With the line in the location shown in the figure, we can see that the model has the same True Positive Rate for both populations — grey and black (50%). But as a result, the False Positive Rate is higher for the grey individuals (2/8). Thus while the ProPublica finding is true — the False Positive Rate of COMPAS is higher for Black defendants — the only way to even this out would be to shift the classification threshold for the black outlines over, as illustrated in Figure 2 from her paper:
This balances the False Positive Rates for the two groups, but in doing so results in the True Positive Rate being lower for the black outlines.
Can we do better? Well, we could get equal True Positive Rates and False Positive Rates, but only by accepting differential False Negative rates, as illustrated in Mayson’s Figure 3:
As Mayson writes:
As this example illustrates, if the base rate of the predicted outcome differs across racial groups, it is impossible to achieve (1) predictive parity; (2) parity in false-positive rates; and (3) parity in false-negative rates at the same time (unless prediction is perfect, which it never is). Computer scientists have provided mathematical proofs of this fact.[4] When base rates differ, we must prioritize one of these metrics at the expense of another. Race neutrality is not attainable.
Note
Please note that in the discussion of imbalanced recitivism arrest rates, I said arrested for recitivism — a huge problem with all of these risk assessment models is that we know from many studies that even in situations where Black and White Americans commit crimes at similar rates (like drug use), Black Americans are substantially more likely to be arrested for those crimes. Thus, an imbalance in arrests for recitivism do not necessarily imply differences in actual recitivism.
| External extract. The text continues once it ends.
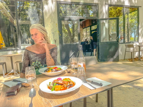 We lunchen bij Le Chalet des Sports , plat du jour voor 20,- vanaf het terras zien we de Arenes de Beaucaire – hier vind de Franse variant van het stierenvechten plaats – fijne variant voor de stier want hij brengt het er levend vanaf –
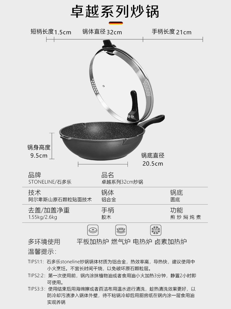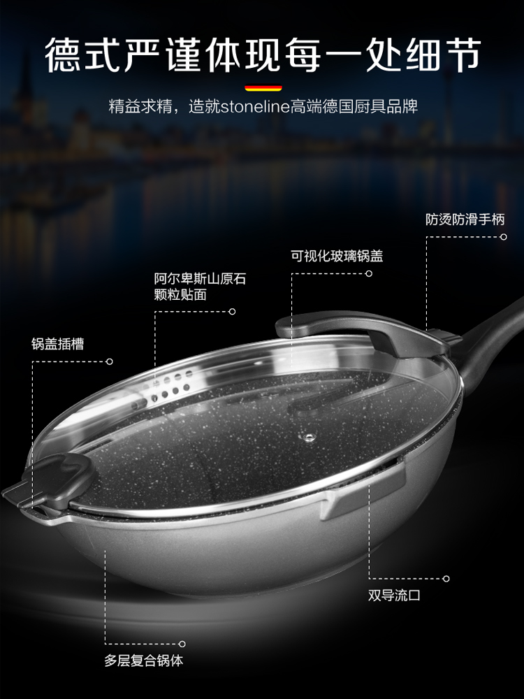 Germany stoneline stone dole imported non-stick pan wok home wok cooking pan induction cooker gas stove dedicated

Indeed, this form of inequity is also a problem on the input side — Risk Assessment models take into account whether a defendant has prior convictions, but given Black Americans are more likely to be arrested even in situations where were know criminal behavior occurs at similar rates for Black and White Americans, and Black Americans are likely to have lower-incomes and thus less likely to have lawyers who can get charges dismissed, these models tend to treat them as higher risk.
So what is the right answer? Well, there isn’t one — each of these different schemes is defensible under different ethical frameworks. And that’s the problem — there’s no algorithm or machine learning metric that can tell you the “right” answer in a situation like this — it requires critical thought, engagement with Proscriptive Questions, and careful discussion with your stakeholder.